The case seems to have been tried in the circuit court on the theory that all questions of law and fact were reviwable by the court. Such is not the law. Conclusions of law are reviewable, but findings of fact are conclusive unless there is an entire absence of evidence to support them. Andrews Steel Co. v. McDermott, 192 Ky. 679, 234 S. W. 275.

Under the statute, a proceeding for compensation cannot be maintained unless written notice of the accident stating certain facts not here material, shall have been given to the employer as soon as practicable after the happening thereof (sections 4914, 4915, Kentucky Statutes), subject, however, to the further provision that such notice shall not be held invalid or insufficient by reason of any inaccuracy in complying’ with section 4915, unless it be shown that the employer was in fact misled to his injury thereby, and that want of notice, or delay in giving notice, shall not be a bar to proceedings under the act, if it be shown that the employer, his agent or representative had knowledge of the injury or that such delay or failure to give notice was occasioned by mistake or other reasonable cause. The board found, as a matter of fact, that if a prompt examination of appellee’s injuries had been made soon after the accident, such examination would have disclosed whether appellee’s disability was the result of the injury sustained by him or resulted from pre-existing disease, and further that if appellee’s injuries had been promptly and properly treated at the time of their occurrence, the probabilities are that their present development would have been largely arrested. There being some evidence to support this finding, it results that the finding is conclusive.

It remains to be determined whether the board’s conclusions of law on the question of notice were proper. One of its conclusions was that the failure to give notice was prejudicial to appellant. As no other person was present when the alleged injury was received, and as the company did not learn of it until too late to determine whether the tubercular condition of appellee’s hip which afterwards developed was due in any respect to the al*509leged injury, there can be no doubt that the failure to give notice put it out of the power of the company to present a defense which might have proved decisive of the claim. That being true, we concur in the ruling of the board that the failure to give notice was necessarily prejudicial.

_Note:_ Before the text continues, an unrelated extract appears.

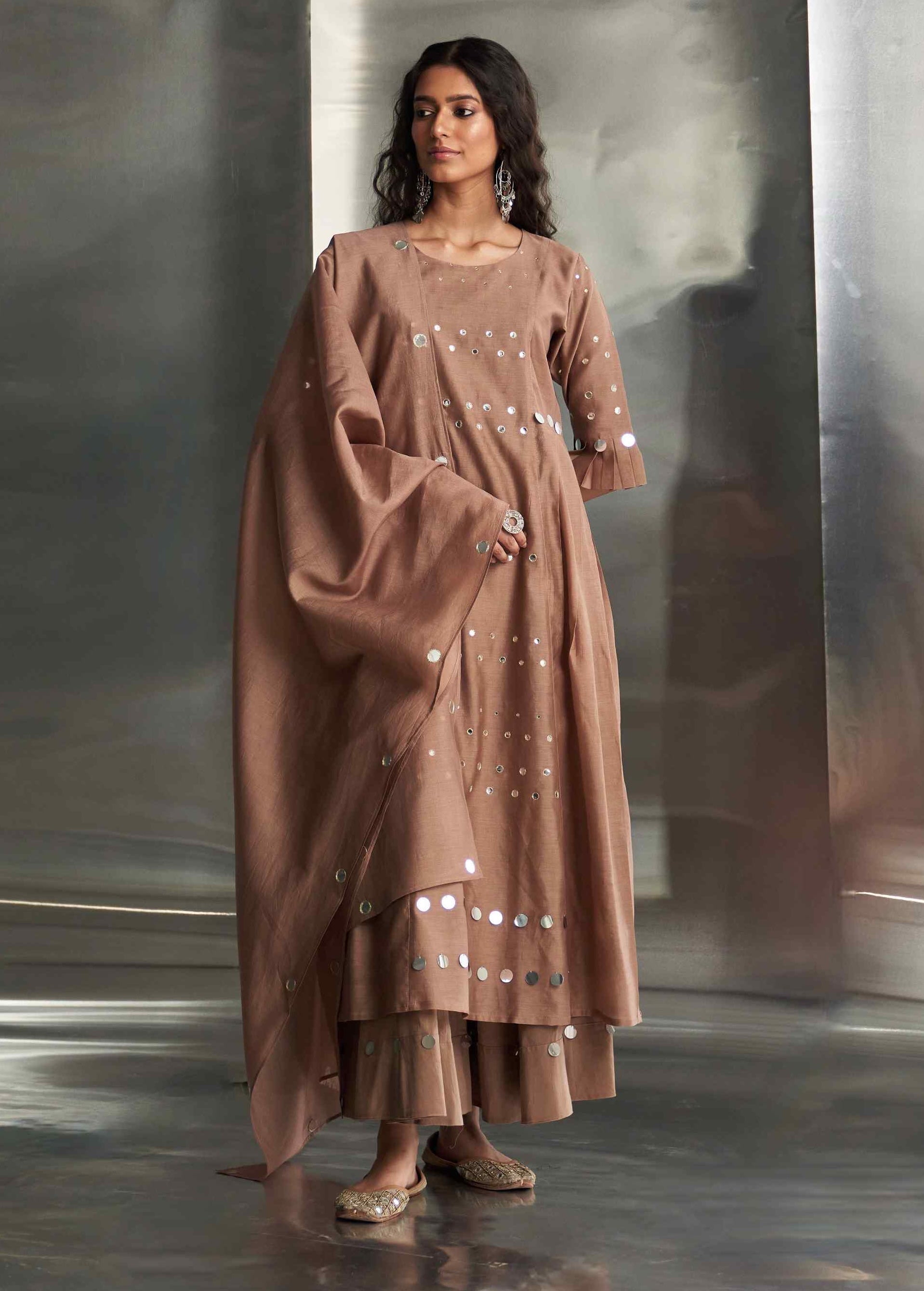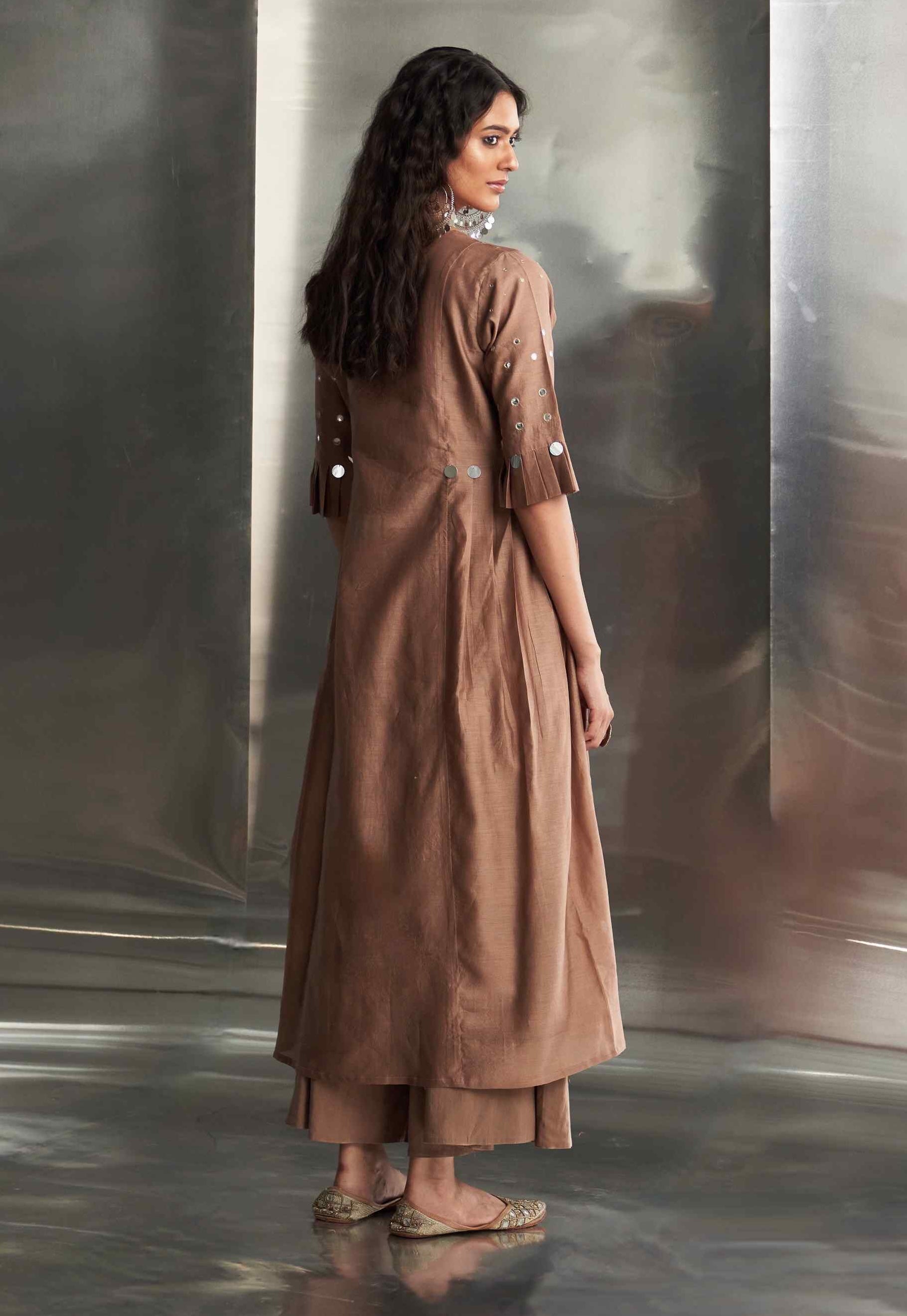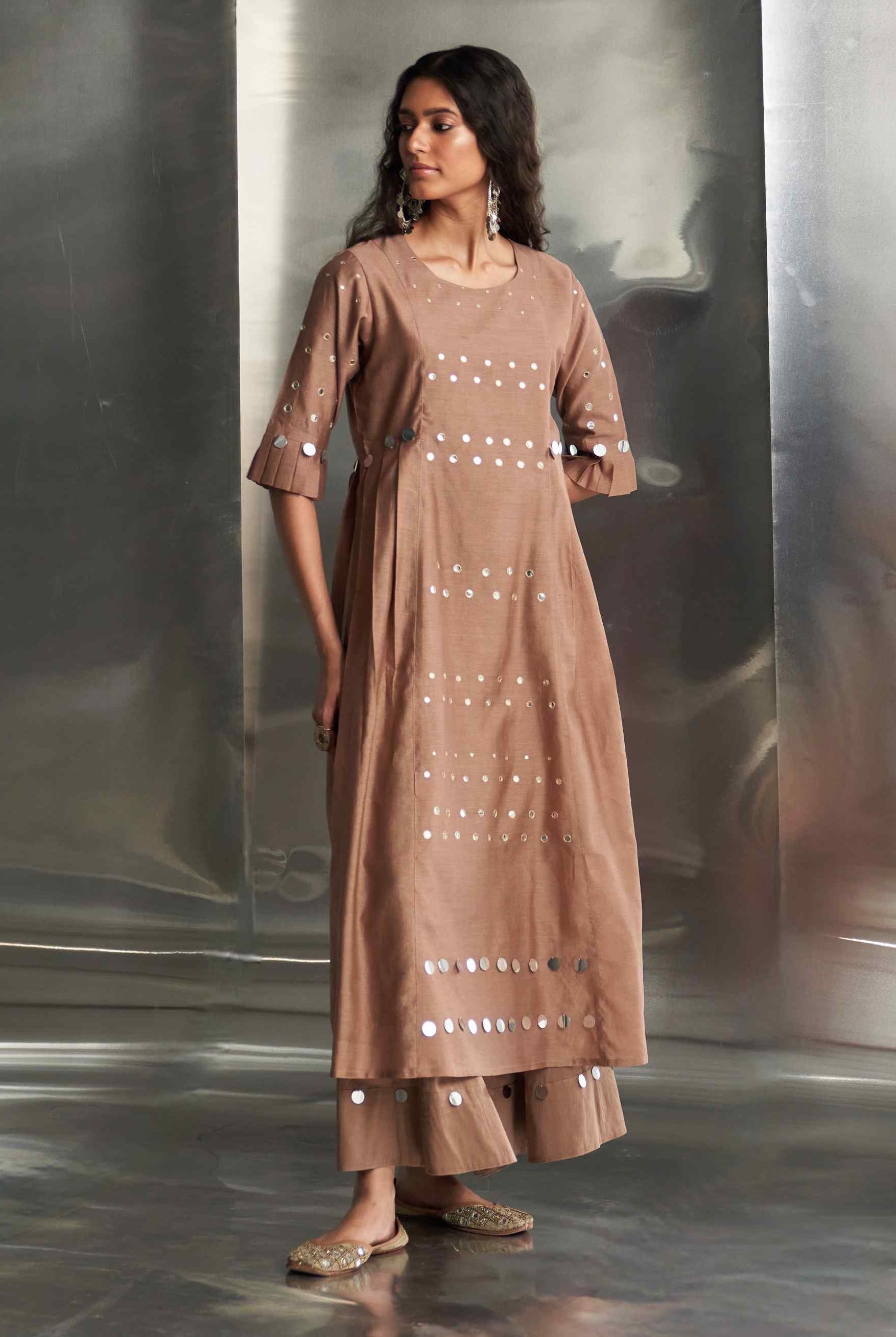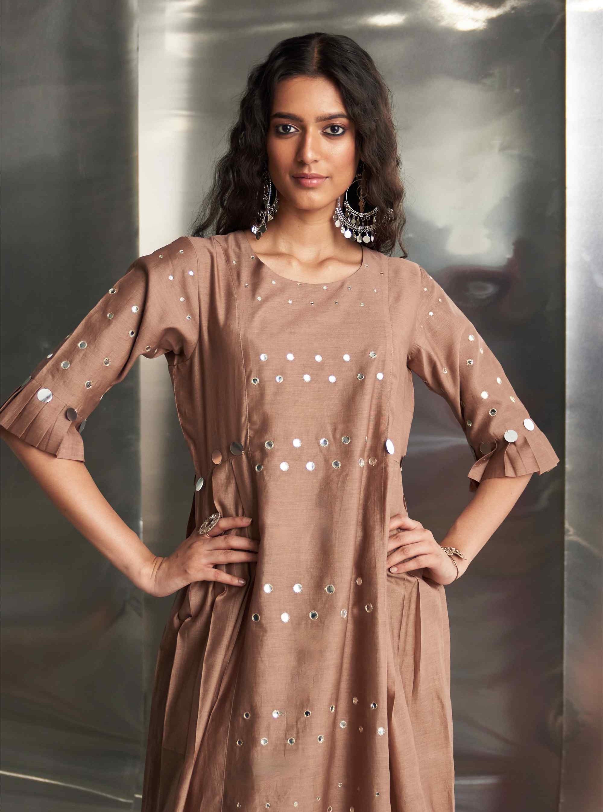 This elegant Chanderi kurta in a rich ginger hue features exquisite mirror work on the front panel and sleeves, adding a touch of glamour. The pleated sleeves offer a stylish flair, enhancing the kurta's sophisticated design. Paired with a Chanderi dupatta embroidered with mirror work along the borders, this ensemble exudes charm and refinement. The wide-flare cotton palazzos, adorned with matching mirror details, complete the look with coordinated style. These palazzos are elasticated and feature a drawstring for a comfortable and adjustable fit. Perfect for making a refined statement at any occasion.

A further conclusion of law was that the failure to give notice was not occasioned by mistake or other reasonable cause. According to appellee, he asked his brother to notify the company, but his brother forgot to do so. It is not contended that appellee was too ill to inquire whether the notice was given, and to send another in case his message was not delivered. The case is simply one where he entrusted the giving of a verbal notice to his brother, and then let the matter rest without even taking the trouble to inquire of his brother whether the notice had been given. Should these circumstances be deemed sufficient to show that the failure to give notice was occasioned by mistake or other reasonable cause, it would result in a practical nullification of the statute. We, therefore, concur in the ruling of the board.

As notice was necessary, and it was not shown that the failure to give notice was occasioned by mistake or other reasonable cause, it necessarily follows that appellee ’s claim for compensation was properly dismissed by the board, and that its award should have been affirmed by the circuit court.

This conclusion makes it unnecessary to consider the other conclusions of law made by the board.

Wherefore, the judgment is reversed and cause remanded with directions to enter judgment in conformity with this opinion.